那麼結果中的行可以有不同的長度？ – atiretoo

你可以嘗試：

library(dplyr) 
library(stringi) 

## convert to data.frame 
data.frame(mymat, check.names = FALSE) %>% 
    ## replace the values ("0", "1", "/", "NA") in all columns ending with ".GT" with 
    ## the corresponding values in "REF" and "ALT" (" " for "/" and "0 0" for "NA") 
    mutate_each(funs(stri_replace_all(., REF, fixed = "0")), ends_with(".GT")) %>% 
    mutate_each(funs(stri_replace_all(., ALT, fixed = "1")), ends_with(".GT")) %>% 
    mutate_each(funs(stri_replace_all(., " ", fixed = "/")), ends_with(".GT")) %>% 
    mutate_each(funs(stri_replace_all(., "0 0", fixed = "NA")), ends_with(".GT")) %>% 
    ## keep only the columns ending with ".GT" 
    select(ends_with(".GT")) %>% 
    ## transpose the results 
    t()

其中給出：

  [,1] [,2] [,3] [,4] [,5] 
02688.GT "A A" "A A" "C C" "0 0" "0 0" 
02689.GT "A A" "A C" "C C" "0 0" "0 0"

來源

2015-09-21 01:19:50

謝謝，但有沒有辦法做到這一點，而無需將其更改爲數據框（僅使用矩陣）。 – MAPK

你能解釋一下這些步驟嗎？ – MAPK

@MAPK是的，它可以做到這一點，而無需轉換爲data.frame，但這是我首先想到的解決方案。歡迎其他人發佈不同的方法。
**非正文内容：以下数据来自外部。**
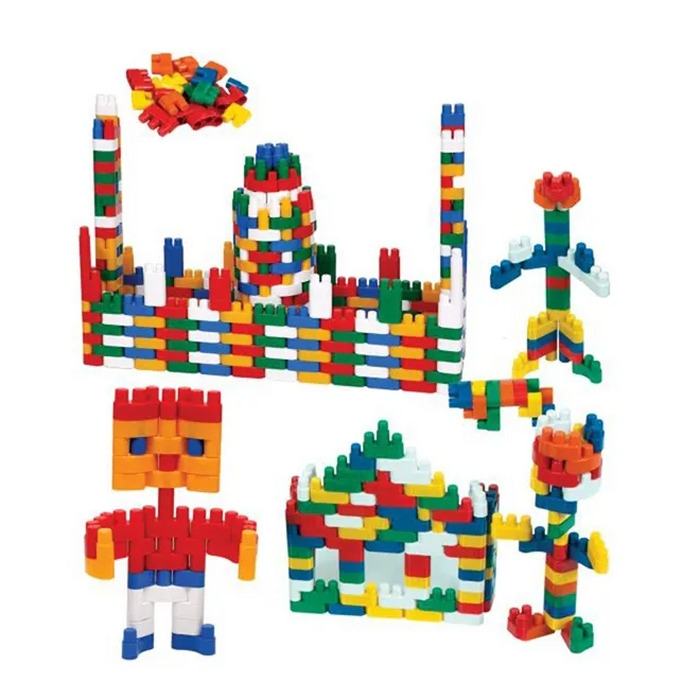 Conteúdo: 500 peças em cores vivas, incluindo formatos para 12, 8, 4 e 2 encaixes, telhados, bonecos e eixos com rodas.

請參閱編輯以瞭解每個步驟的說明。 –

我張貼我自己的答案，但實在是太慢了所以需要進一步優化。

 letters <- strsplit(paste(mymat[,"REF"],mymat[,"ALT"],sep=","),",") # concatenate the letters to have an index to work on from the numbers 
values <- t(mymat[,c(which(colnames(mymat)%in%lapply(all.samples,function(x)(paste(x,"GT",sep=".")))))]) # working on each column needing values 
nbval <- ncol(values) # Keeping track of total number of columns and saving the length of values 

#Preparing the two temp vectors to be used below 
chars <- vector("character",2) 
ret <- vector("character",nbval) 

#Loop over the rows (and transpose the result) 
mydata<-t(sapply(rownames(values), 
       function(x) { 
        indexes <- strsplit(values[x,],"/") # Get a list with pairs of indexes 

        for(i in 1:nbval) { # Loop over the number of columns :/ 
        for (j in 1:2) { # Loop over the pair 
         chars[j] <- ifelse(indexes[i] == "NA", 0,letters[[i]][as.integer(indexes[[i]][j])+1]) # Get '0' if "NA" or the letter with the correct index at this postion 
        } 
        ret[i] <- paste(chars[1],chars[2], sep=" ") # concatenate the two chars 
        } 
        return(ret) # return this for this row 
       } 
))

來源

2015-09-21 01:54:34 MAPK

所以這只是一個部分答案，我不知道它將如何使用> 200000行。但也許有人更聰明會想出如何更好地做到這一點。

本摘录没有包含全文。